> _Prompt_
Give the records again exactly as written. Leave out the pictures.

> _Available records_
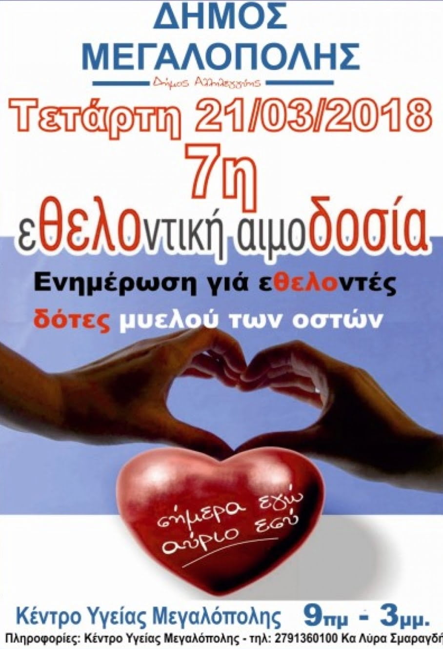 Ο Δήμος Μεγαλόπολης σε συνεργασία με το Τμήμα Αιμοδοσίας του Παναρκαδικού Νοσοκομείου και το Κέντρο Υγείας Μεγαλόπολης, θα πραγματοποιήσει την Τετάρτη, 21 Μαρτίου, από τις 9 π.μ. έως τις 15 μ.μ. την 7η εθελοντική αιμοδοσία στον χώρο του Κέντρου Υγείας Μεγαλόπολης.
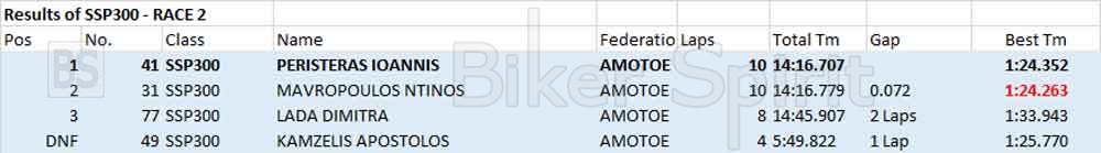 Ο Γιάννης Περιστεράς που στον χθεσινό 1ο αγώνα είχε πτώση, ξεκίνησε από την 13η θέση στην σχάρα εκκίνησης, και γρήγορα βρέθηκε στην κορυφη του αγώνα μαζί με τον Κωνσταντίνο Μαυρόπουλο, όπου έδωσαν μάχη μέχρι την καρό σημαία, με τον Περιστερά να περνά την γραμμή τερματισμού μόλις με 0.072s, μπροστά από τον Μαυρόπουλο σε έναν δικό τους αγώνα για την κορυφη!
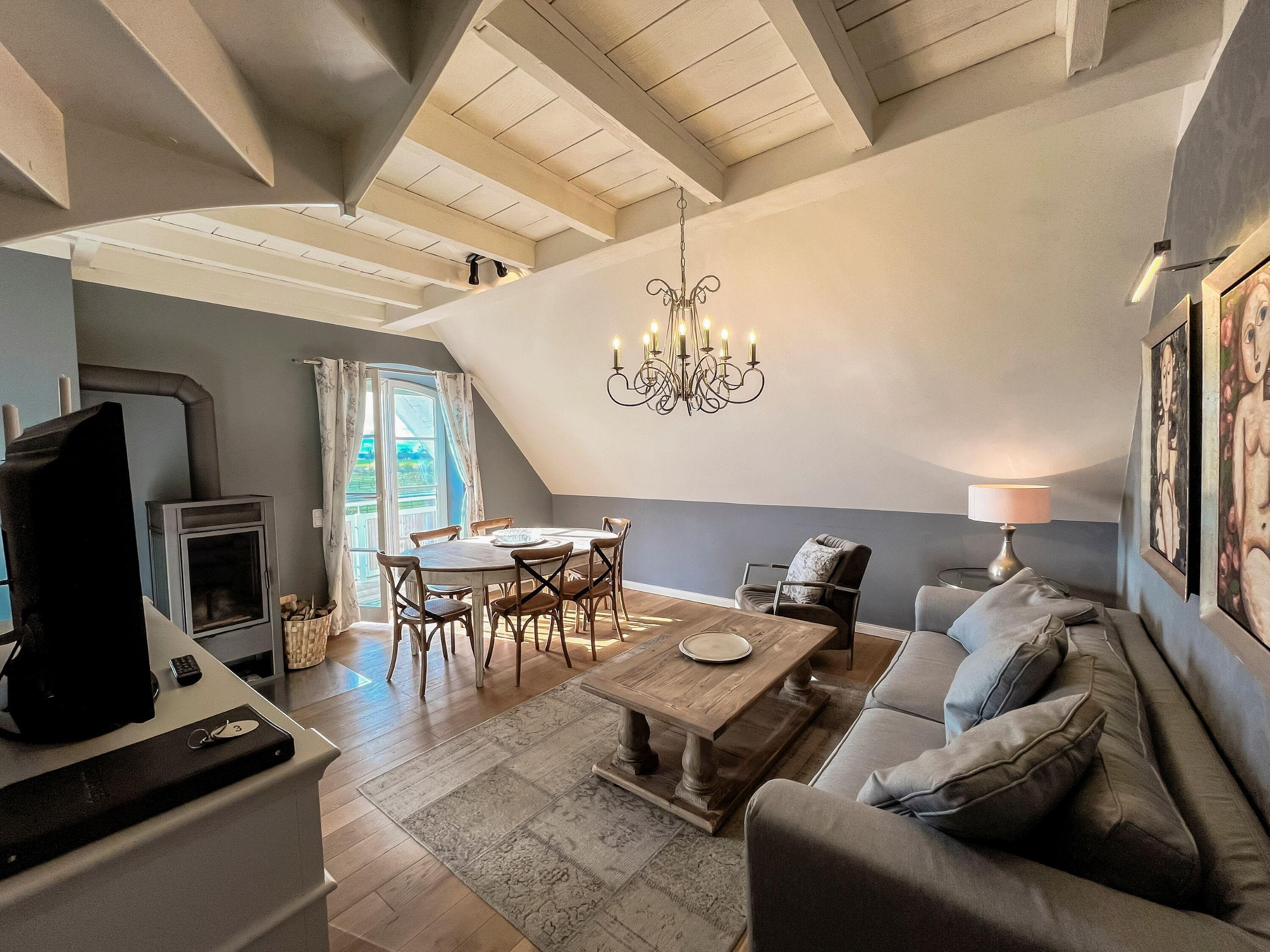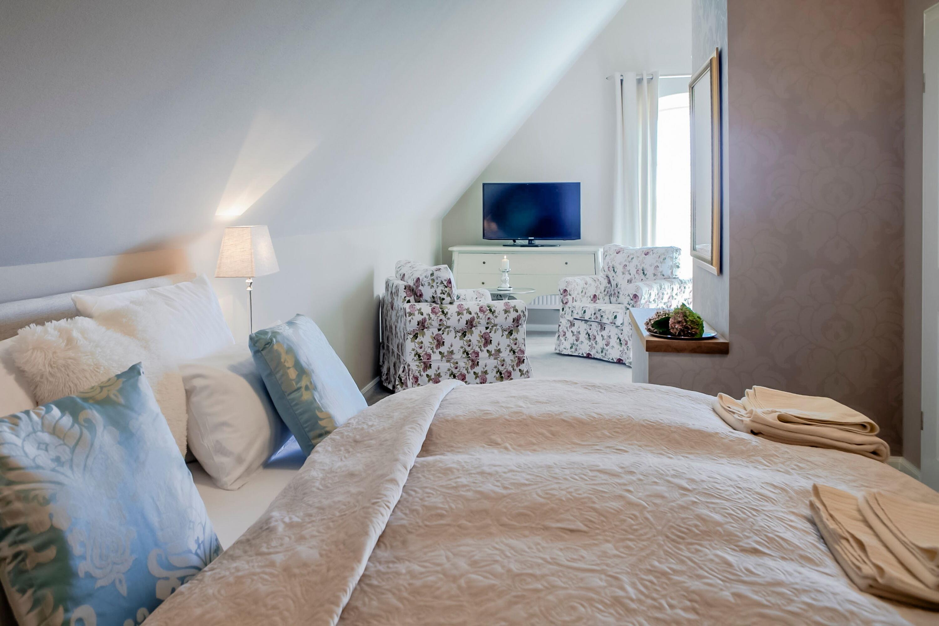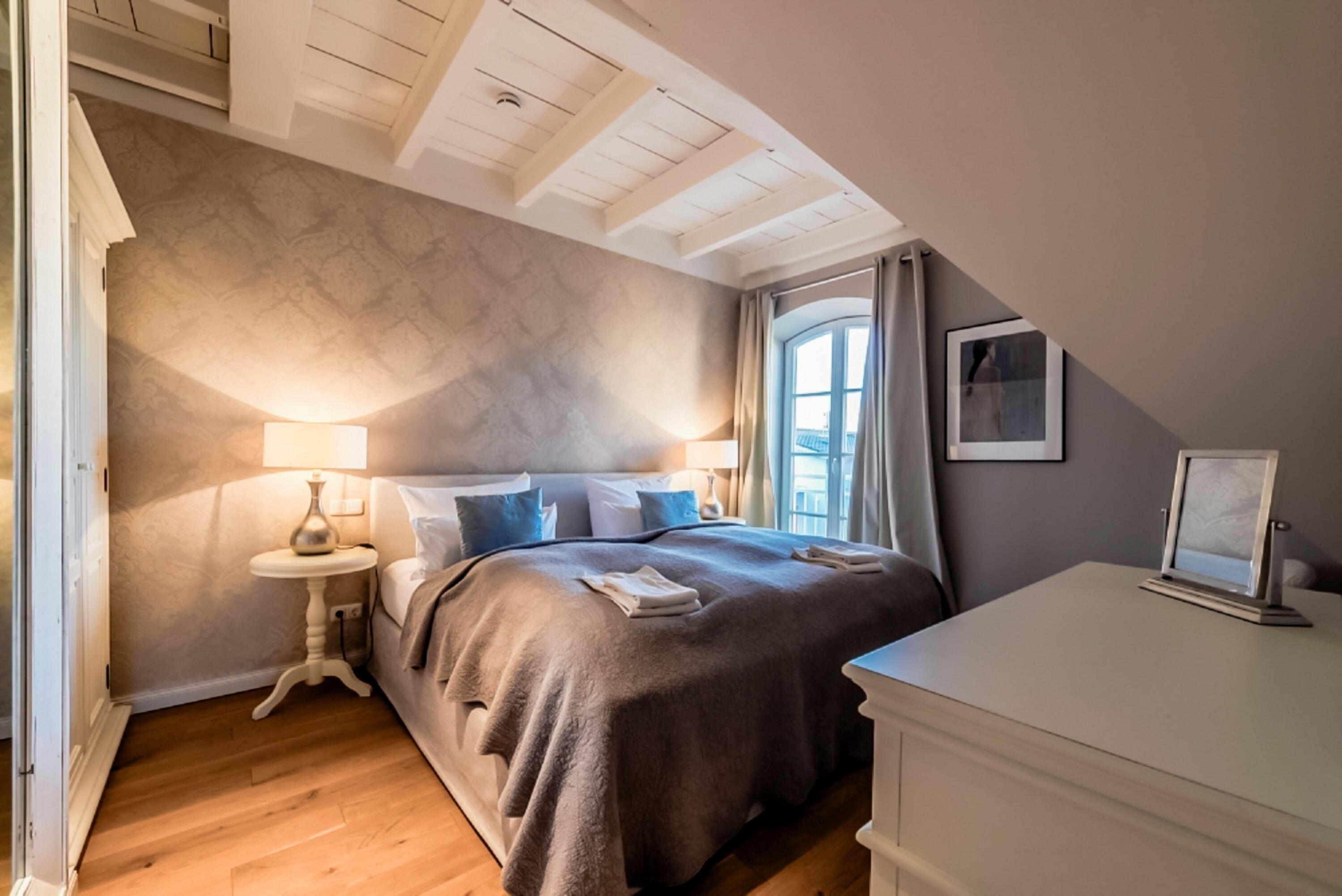 Für noch mehr Platz und Komfort können Sie die Mastersuite im Dachgeschoss hinzubuchen. Diese bietet ein drittes Schlafzimmer mit Boxspringbett und ein weiteres hochwertiges Badezimmer mit Dusche und WC. Preis: 30 € pro Tag. Der Zugang erfolgt bequem über eine Treppe innerhalb der Wohnung.
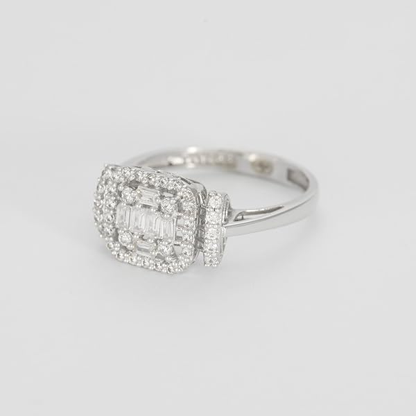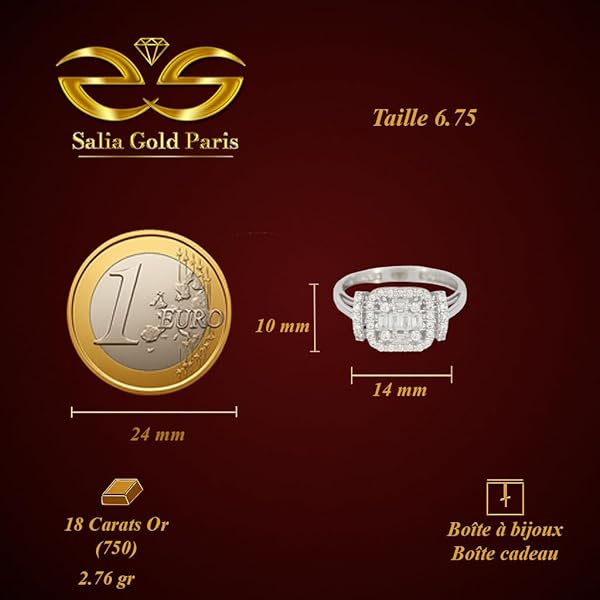 Bague en or blanc 18 carats – 2.76 gr Or blanc 750/1000 – design carré serti de pierres blanches – Élégance géométrique – Salia Gold Paris€728
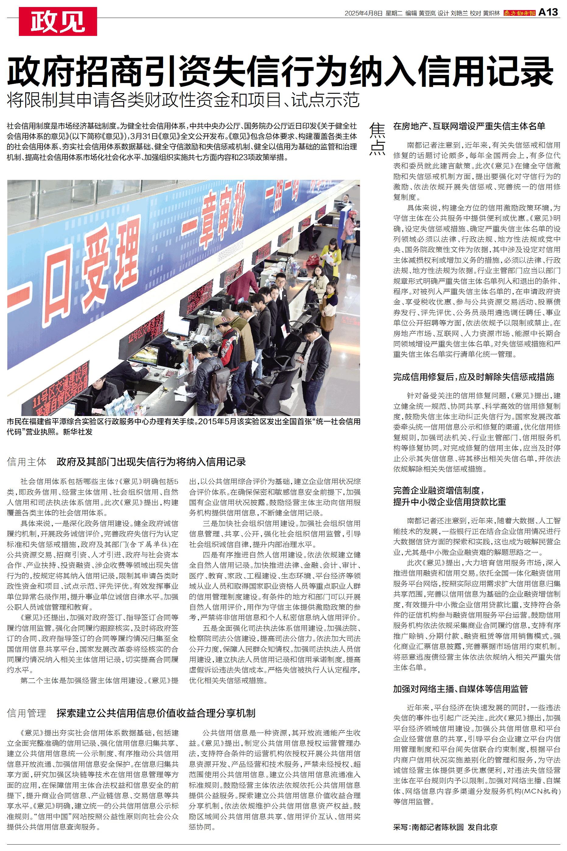为健全社会信用体系,中共中央办公厅、国务院办公厅近日印发《关于健全社会信用体系的意见》,3月31日《意见》全文公开发布。

> _Your solution_
 Ο Δήμος Μεγαλόπολης σε συνεργασία με το Τμήμα Αιμοδοσίας του Παναρκαδικού Νοσοκομείου και το Κέντρο Υγείας Μεγαλόπολης, θα πραγματοποιήσει την Τετάρτη, 21 Μαρτίου, από τις 9 π.μ. έως τις 15 μ.μ. την 7η εθελοντική αιμοδοσία στον χώρο του Κέντρου Υγείας Μεγαλόπολης.
 Ο Γιάννης Περιστεράς που στον χθεσινό 1ο αγώνα είχε πτώση, ξεκίνησε από την 13η θέση στην σχάρα εκκίνησης, και γρήγορα βρέθηκε στην κορυφη του αγώνα μαζί με τον Κωνσταντίνο Μαυρόπουλο, όπου έδωσαν μάχη μέχρι την καρό σημαία, με τον Περιστερά να περνά την γραμμή τερματισμού μόλις με 0.072s, μπροστά από τον Μαυρόπουλο σε έναν δικό τους αγώνα για την κορυφη!
 Für noch mehr Platz und Komfort können Sie die Mastersuite im Dachgeschoss hinzubuchen. Diese bietet ein drittes Schlafzimmer mit Boxspringbett und ein weiteres hochwertiges Badezimmer mit Dusche und WC. Preis: 30 € pro Tag. Der Zugang erfolgt bequem über eine Treppe innerhalb der Wohnung.
 Bague en or blanc 18 carats – 2.76 gr Or blanc 750/1000 – design carré serti de pierres blanches – Élégance géométrique – Salia Gold Paris€728
为健全社会信用体系,中共中央办公厅、国务院办公厅近日印发《关于健全社会信用体系的意见》,3月31日《意见》全文公开发布。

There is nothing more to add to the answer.